------ RECORDS FOR PROCESSING

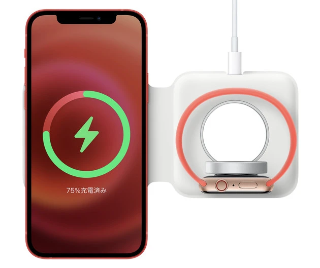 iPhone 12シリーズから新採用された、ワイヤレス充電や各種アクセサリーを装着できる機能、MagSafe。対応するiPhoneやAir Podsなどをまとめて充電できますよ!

------------
------ RECORDS FOR PROCESSING

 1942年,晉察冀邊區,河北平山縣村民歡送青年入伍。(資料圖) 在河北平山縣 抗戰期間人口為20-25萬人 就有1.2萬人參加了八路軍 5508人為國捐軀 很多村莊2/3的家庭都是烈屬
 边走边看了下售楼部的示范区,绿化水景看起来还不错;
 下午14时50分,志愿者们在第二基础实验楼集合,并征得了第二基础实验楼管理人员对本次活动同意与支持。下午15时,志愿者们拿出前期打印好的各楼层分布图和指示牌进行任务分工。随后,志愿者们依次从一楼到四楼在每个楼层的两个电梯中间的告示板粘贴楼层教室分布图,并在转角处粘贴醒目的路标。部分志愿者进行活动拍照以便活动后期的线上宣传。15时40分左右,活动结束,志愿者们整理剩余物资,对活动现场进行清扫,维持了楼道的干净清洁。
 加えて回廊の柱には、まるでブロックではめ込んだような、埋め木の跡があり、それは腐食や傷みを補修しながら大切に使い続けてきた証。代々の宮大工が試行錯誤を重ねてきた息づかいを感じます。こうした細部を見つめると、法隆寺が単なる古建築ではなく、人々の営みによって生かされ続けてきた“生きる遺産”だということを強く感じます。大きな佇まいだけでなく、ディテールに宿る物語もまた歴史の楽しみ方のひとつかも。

------------

■ EXERCISE BRIEF:
Everything from the line with "1942年,晉察冀邊區,河北平山縣村民歡送青年入伍。(資料圖) 在河北平山縣 抗戰期間人口為20-25萬人" through the line with "加えて回廊の柱には、まるでブ" in the listing above must be retyped exactly, with nothing added.

■ EXERCISE ANSWER:
 1942年,晉察冀邊區,河北平山縣村民歡送青年入伍。(資料圖) 在河北平山縣 抗戰期間人口為20-25萬人 就有1.2萬人參加了八路軍 5508人為國捐軀 很多村莊2/3的家庭都是烈屬
 边走边看了下售楼部的示范区,绿化水景看起来还不错;
 下午14时50分,志愿者们在第二基础实验楼集合,并征得了第二基础实验楼管理人员对本次活动同意与支持。下午15时,志愿者们拿出前期打印好的各楼层分布图和指示牌进行任务分工。随后,志愿者们依次从一楼到四楼在每个楼层的两个电梯中间的告示板粘贴楼层教室分布图,并在转角处粘贴醒目的路标。部分志愿者进行活动拍照以便活动后期的线上宣传。15时40分左右,活动结束,志愿者们整理剩余物资,对活动现场进行清扫,维持了楼道的干净清洁。
 加えて回廊の柱には、まるでブロックではめ込んだような、埋め木の跡があり、それは腐食や傷みを補修しながら大切に使い続けてきた証。代々の宮大工が試行錯誤を重ねてきた息づかいを感じます。こうした細部を見つめると、法隆寺が単なる古建築ではなく、人々の営みによって生かされ続けてきた“生きる遺産”だということを強く感じます。大きな佇まいだけでなく、ディテールに宿る物語もまた歴史の楽しみ方のひとつかも。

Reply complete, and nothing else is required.